Art project has students and lecturers reflecting on pressure to succeed
What does it mean to be the ‘perfect student’? This is the focus of the Perspectify exhibition, which was opened on 16 November by President of the Executive Board Annetje Ottow.
The exhibition is part of the Perspective project. ‘The project was created to give a broader perspective on life after university,’ says project leader Laura van der Plas. ‘What are realistic expectations? We want to do something about the pressure to succeed.’
In conversations with students and lecturers, Laura realised they feel ‘gigantic’ pressure to succeed. ‘There are lots of myths doing the rounds. Students sometimes think you’ll never find a job if you haven’t done a board year or studied abroad.’
With the project, she is trying to put these unrealistic expectations into the right perspective. ‘I hope that students will think about the expectations they have of themselves. What do I want myself and what do I want because I’m comparing myself with others?’ She also hopes that lecturers and other staff will consider how it is to study in this day and age. ‘How is it different from the past? And what is your role as a staff member or lecturer?’
Student Manuela Figueira Lorang, who made a drawing with texts for the exhibition, also recognises the increased pressure. ‘I feel a great pressure to succeed, not just from the University but also from my fellow students and others around me.
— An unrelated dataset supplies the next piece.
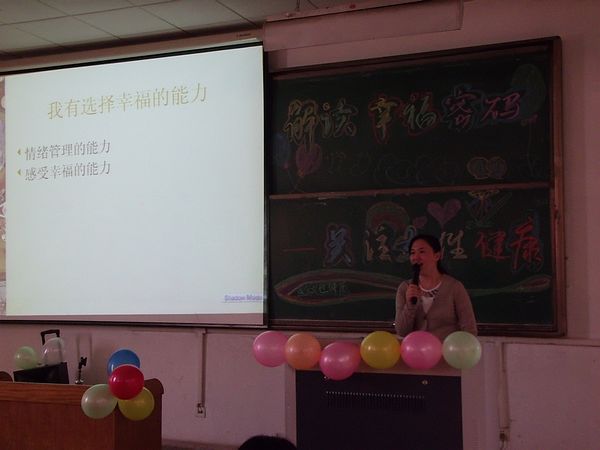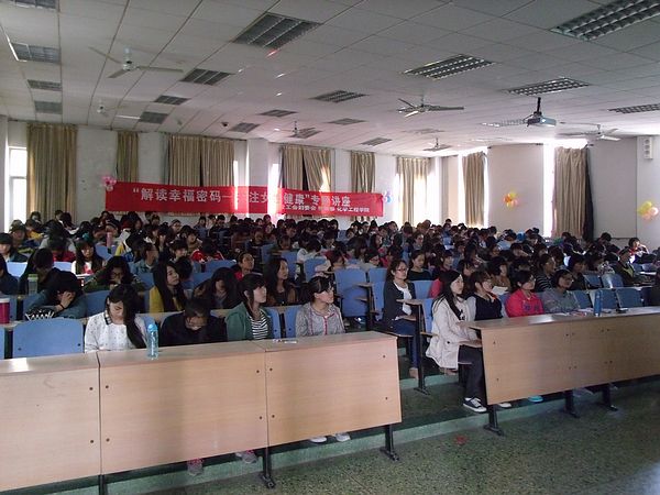 “你幸福吗?”,沈老师首先以一个幽默又深刻的问题与同学们展开讨论。她结合自己从事多年的心理健康事业所得出的经验,针对当代女性健康问题的出现,从心理和生理两方面来阐述女性健康的必要性和女性健康提升的具体做法。在谈到女性健康提升的具体做法时,沈老师结合女性的生理特点,指出端正生活态度和增强自我保护意识作为女性自我保护的重要地位。讲座进行过程中,沈老师结合PPT和她幽默活泼的话语与师生交流、互动,并不时赢得全场热烈的掌声。

Despite knowing that I shouldn’t compare myself with others, I do it anyway.’ The pressure sometimes makes her anxious and she starts to worry. ‘I’m more concentrated when the pressure is high but I’ve realised it’s unhealthy for me.’
'You don't have to be perfect to be successful.'
The project led Manuela to discuss the pressure to succeed with her housemate. ‘She had a good perspective on “the perfect student”. She said you don’t have to be perfect to be successful. For her, success isn’t about what others think of you.’ The project has given her some insight into the perspective of others. ‘I found connection with others. It sometimes feels as though we’re facing things alone but that isn’t true. This affects everyone.’
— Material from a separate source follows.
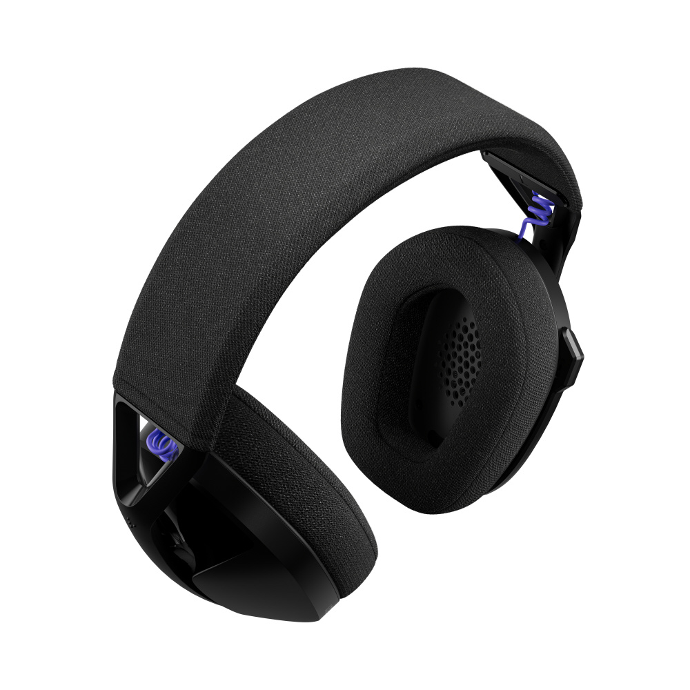 マイク付きワイヤレス ヘッドセットは、厚めのヘッドバンド、伸縮性の高いニット素材、低反発イヤーカップ採用、軽量で快適な装着感(210 g)を実現。

Struggling with perfectionism
The concept of the art project also appealed to student Maija Nikolaevskaja. ‘I’ve been struggling with perfectionism for some time,’ she says. ‘My parents grew up in the Soviet Union and academic success is very much valued in that culture. As a result, success becomes part of your self-image.’ She has seen lots of students around her struggling with the pressure to succeed. ‘Students are very ambitious and want to achieve great things. The system rewards good marks and if you want to achieve something, you’re dependent on good results.’ She sees international students in particular suffering from a lot of stress. ‘If you don’t do well, you’ll have to go back to the country you came from.’
Not only students are exhibiting works at the exhibition but also several lecturers. One of them is Bastiaan Vuyk. ‘I saw the call for Perspectify on social media and by chance had just finished a painting that ties in perfectly with the theme. It’s a painting based on Piet Mondriaan that I did at times when I needed to relax after work.’
Creativity under pressure
Bastiaan also experiences a lot of pressure in his work. ‘When I come home all my creativity has been used up. Then I have to recharge. To encourage myself to do so, I paint. The painting also ties in with the course I give, Introduction to Psychology, which lends itself well to creative expression.’
Bastiaan does all he can to keep the pressure on his students as low as possible. ‘You see a real drop in creativity as the pressure increases. To remove that pressure, I try to create a positive climate where everyone can express their ideas.’
The exhibition will be on display at Wijnhaven in The Hague until Friday 18 November. Then the artworks will go on tour in Leiden to the P.J. Veth building, the University Library, and Oude UB on Rapenburg.